# United States & Canada Vacations Forums > Ski Country Forum >  >  Utah trip

## LindaP

I can cross off skiing in the west, on my bucket list now. 
 My kids took me skiing for only my third time in my life at the Canyons. After getting my ghetto , demo skis, we went to the village to get the poles, bindings, and way-to-tight boots. Really.......how do people walk around all day in those stiff, moon-boots?
     After being instructed on how to get off the chairlift, we were off in the "orange bubble" (covered chairlift).
     Matt showed me how to turn, while Kara sped ahead on her snowboard.
  I was gaining confidence, when I saw it. The "drop-off". I froze.
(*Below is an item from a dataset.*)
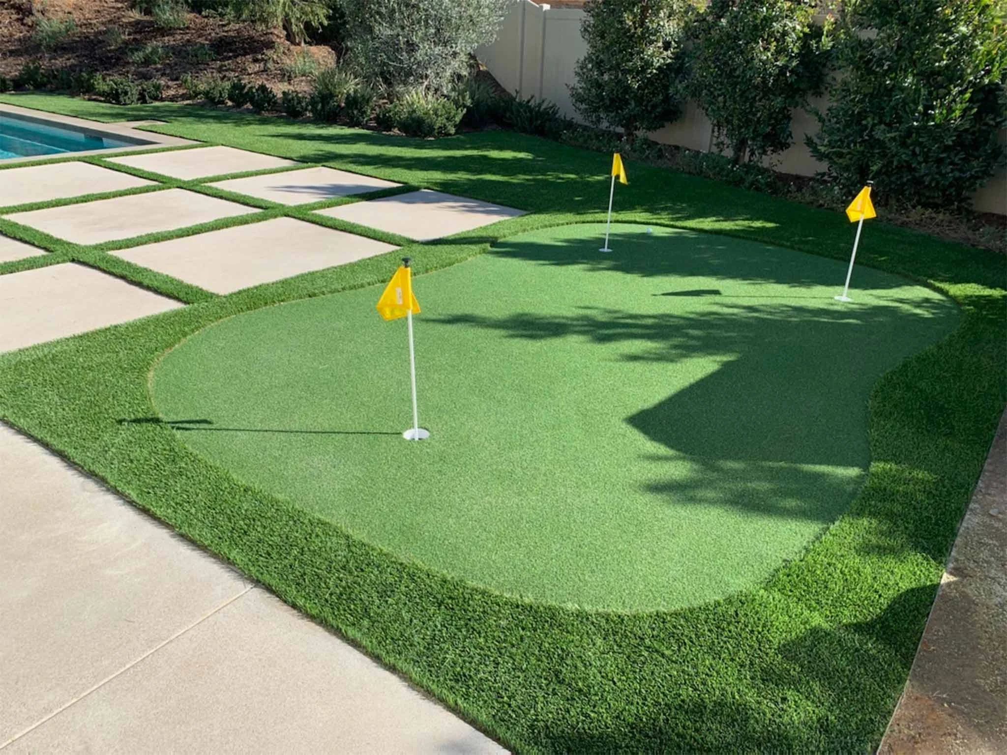 Large-format Top Cast concrete stepping pads in a precision turf grid and a contoured three-hole putting green transform this Del Mar poolside backyard into a resort-style outdoor space. Premium materials, architectural detail, and real golf function — all built alongside the pool.

Matt saw the fear, and we ended up cutting thru  a wooded area, to the ski school, easier trail.
  After that, I did a few runs, and got better.
  At the end, after a break, and some liquid confidence......high alcohol beer at a high altitude....I was ready to ski down to the bottom.
   I fell twice, flew over a mogel (good thing I had a helmet), and ended up unhurt at the bottom.

 I thought I should get a medal......but my kids praise was all I needed.
 And a hot tub with a Bloody Mary!

----------


## MIke R

Excellent!!!!....love love love The Canyons....good for you for trying..and thanks or sharing...great pics

as to the "stiff moon boots" issue...... if one has a non rental boot, with a custom formed liner and a custom formed footbed??...like many  ( including moi ) have????...a whole different story.....like butter

----------


## MIke R

Did you happen to run into James Taylor who broke his leg out there this week while skiing???

----------


## amyb

Linda and Bill-a great family vacation. You all look happy and those smiles say it all.

----------


## LindaP

Thanks Amy.....have to catch up on your reports now! And, no, Miker, didn't "run into" sweet baby James, but glad it wasn't me with the broken leg!!!!!! ( not with a trip to St Barths in 2 weeks!)

----------